Bufab Group has reported that net sales for Quarter One 2017 increased 13% on the same quarter 2016 and also that it achieved its best operating profit to date.

Net sales in Q1 2017 increased to SEK 815 million (€84.6 million), primarily due to strong organic growth from a combination of strong demand and increased market share, aided by additional working days in the quarter.
Order intake was slightly lower than net sales. Operating profit increased to SEK 90 million (2016: SEK 71 million) and operating margin rose to 11% (2016: 9.9%). Bufab continued to gain market share in its largest operating segment, International, through “winning many small new contracts with many customers in most markets”. The contracts, said Jörgen Rosengren, president and CEO at Bufab, “are a result of systematic sales work over a long period”. Growth was spread across most industries, with only the telecom and electronics segment remaining weak.
Market share in Sweden increased, credited to continued improvement in the sales organisation. Central Europe, eastern Europe and Finland performed well but Bufab noted slightly weaker performance in southern Europe and Asia.
Gross margin strengthened significantly compared with Q1 2016 but was weaker than Q4 2016. Bufab continued to benefit from cost savings in sourcing.
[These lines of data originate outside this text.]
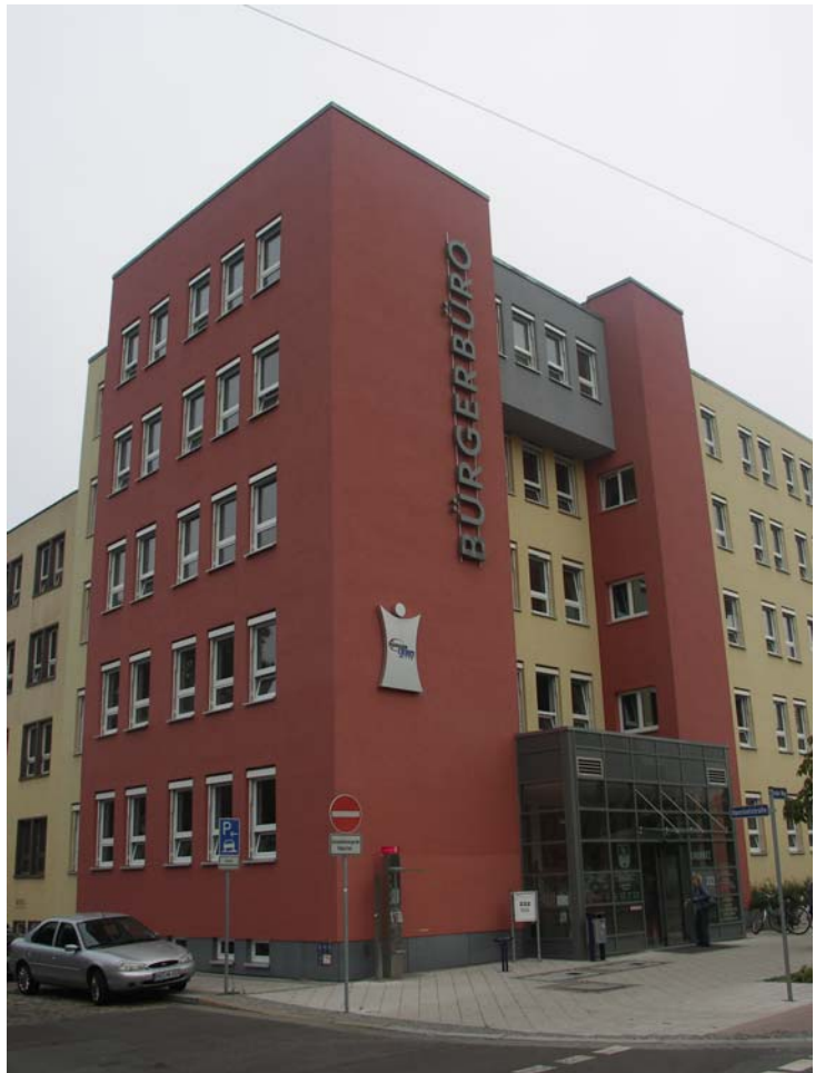
Bürgerbüro Mitte on Breiter Weg

If you move within Germany (even within the dormitory), you must inform the resident registration office about your new address. If moving within Germany, the official notification at the old place of residence is not necessary.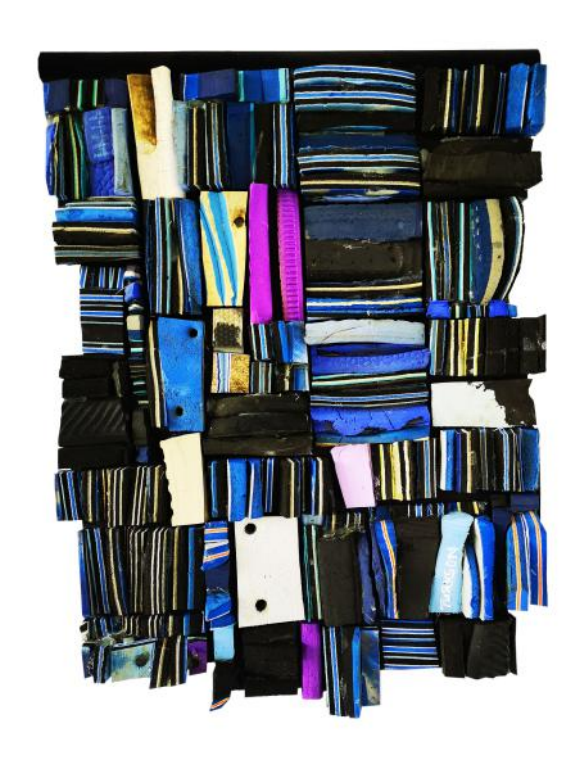
Grusi (Name of a People) 3 Found Flip-flops on Suede 30.5cm x 40cm 2020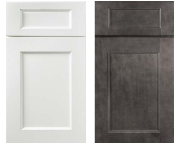
White Paint Grey Stain

However, increasing supplier prices were beginning to impact gross margin. Jörgen Rosengren said: “Bufab will need to compensate for the increased costs through higher customer prices, a move that has already begun.” Bufab continued to consolidate its supplier base and to improve cooperation with its best suppliers, aiming to lower sourcing prices, strengthen logistics, capital efficiency, quality and sustainability.
Acquisitions completed in recent years continued to develop well and Bufab is working to find other suitable acquisition candidates.
Jörgen Rosengren concluded that Bufab was generally satisfied with the start of the year but recognised there is “no lack of challenges moving forward”. These included defending the gross margin in a climate of rising raw material prices, without impacting growth.